H. Multi-threaded setup/teardown

States often require setup and teardown. It gets interesting for two

reasons: 1) in many cases, you don't want any non-worker thread to touch the

state object, and let only the worker threads to setup/teardown state objects,

like in the cases where you initialize thread-local structures or otherwise

care about NUMA and locality -- this calls for tricky lazy init schemes;

2) in many cases, you have to call setup/teardown on shared objects, which

means you need to synchronize workers, and you can't do that on hot-paths

with blocking the worker threads (schedulers kick in and ruin everything) -- this

calls for tricky busy-looping concurrency control.

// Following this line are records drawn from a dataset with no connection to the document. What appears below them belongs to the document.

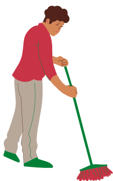
VARRENDO O CHÃO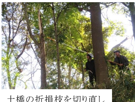
土橋の折損枝を切り直し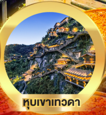
หุบเขาเทวดา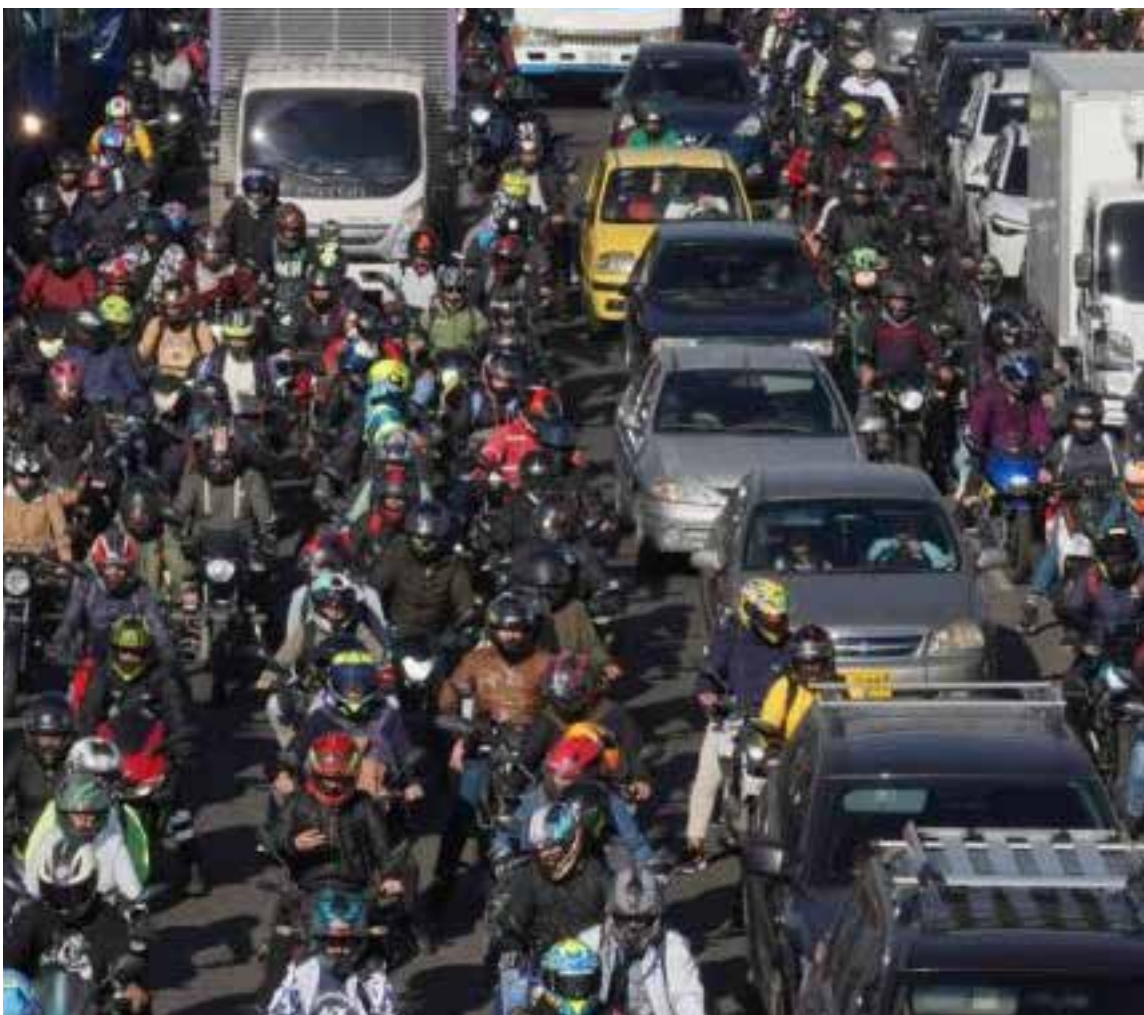
La gente determinó comprar motocicletas como consecuencia del pésimo servicio de transporte urbano.

Las cifras, frías y contundentes, pintan un panorama inquietante. En lo que va del 2024, más de 4.500 celulares han sido robados en TransMilenio, y en 2023, los hurtos a personas superaron los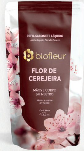
FLOR DE CEREJEIRA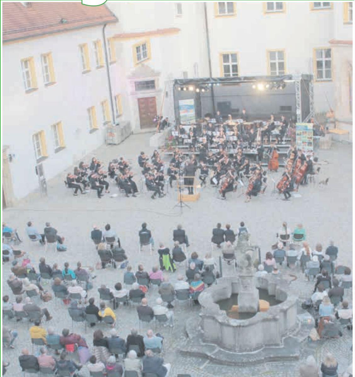
Klassik-open-air im Schlosshof Sulzbach-Rosenberg

Ammerthal Birgland Edelsfeld Eitzelwang Gebenbach Hahnbach Hirschbach Illschwang Königstein Neukirchen Poppenricht Sorghof Trasslberg Vilseck Weigendorf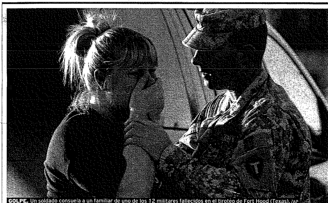
GOLPE. Un soldado consuela a un familiar de uno de los 12 militares fallecidos en el tiroteo de Fort Hood (Texas).

La principal propiedad a nombre de Isabel Carrasco es un ático de 171 metros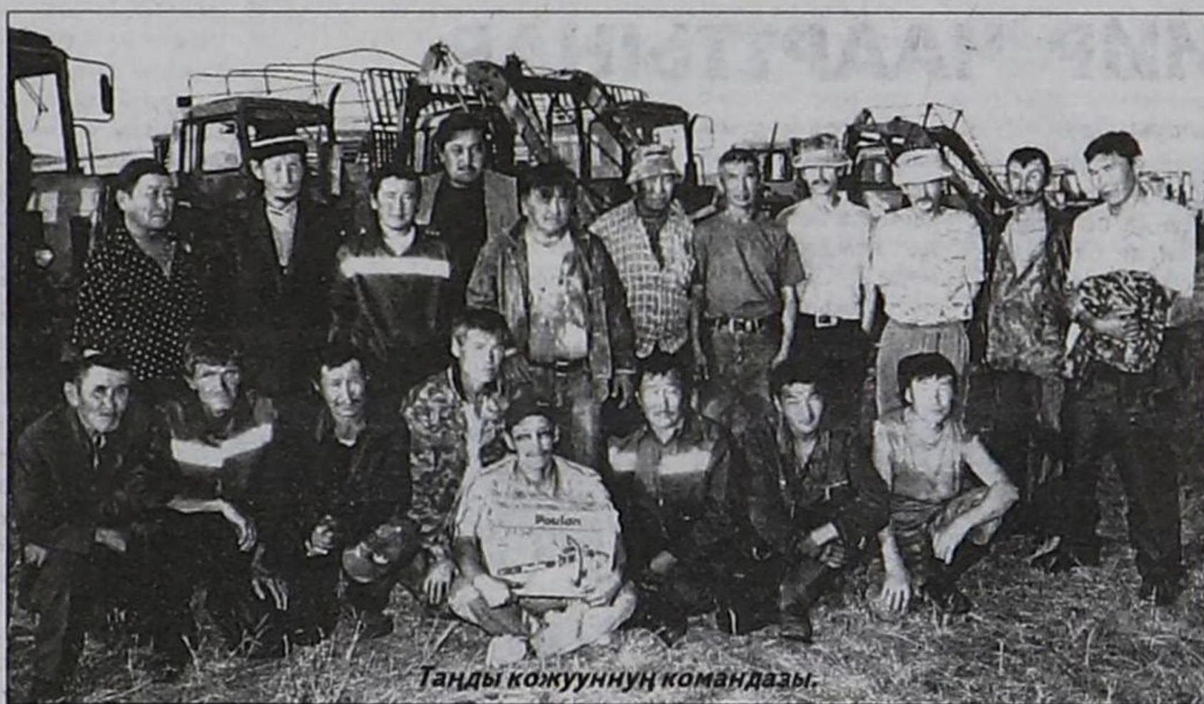
Таңды кожуунуң командасы.

Тиелекчилерге болгаш аалчыларга Таңды кожуунуң культура уран чүүлүнүң мастерлери кончуг чараш ырыларлыг, танцы-самныг концертин көргүскөн. Каң-оол САТ. Василий БАЛЧЫЙ-ООЛДУҢ тырттырган чуруктары.

Fortunately, it can be completely hidden under the API, like in JMH:

http://hg.openjdk.java.net/code-tools/jmh/file/f2e982b7c51b/jmh-samples/src/main/java/org/openjdk/jmh/samples/JMHSample_06_FixtureLevel.java

I. False-god-damned-sharing

And of course, after you done with all the API support for multi-threaded

benchmarks, you have to dodge some new unfortunate effects.

False-god-damned-sharing included. The non-extensive list where we got the

false sharing, and it affected our results is: 1) can't afford false sharing

on the "terminate" flag, which can be polled every nanosecond; 2) can't

afford false sharing in blackholes, because you deal with nanosecond-scale

events there; 3) can't afford false sharing in state objects, because you

know why; 4) can't afford false sharing in any other control structure which

is accessed by worker threads.

In JMH, we did a lot, scratch that, *A LOT* to avoid false sharing in the

infra code. As well as we automatically pad the state objects providing at

least some level of protection for otherwise oblivious users.

J. Asymmetric benchmarks

Now that you take a breath after working hard dealing with all these issues,

you have to provide the support for the benchmarks which are asymmetric. I.e.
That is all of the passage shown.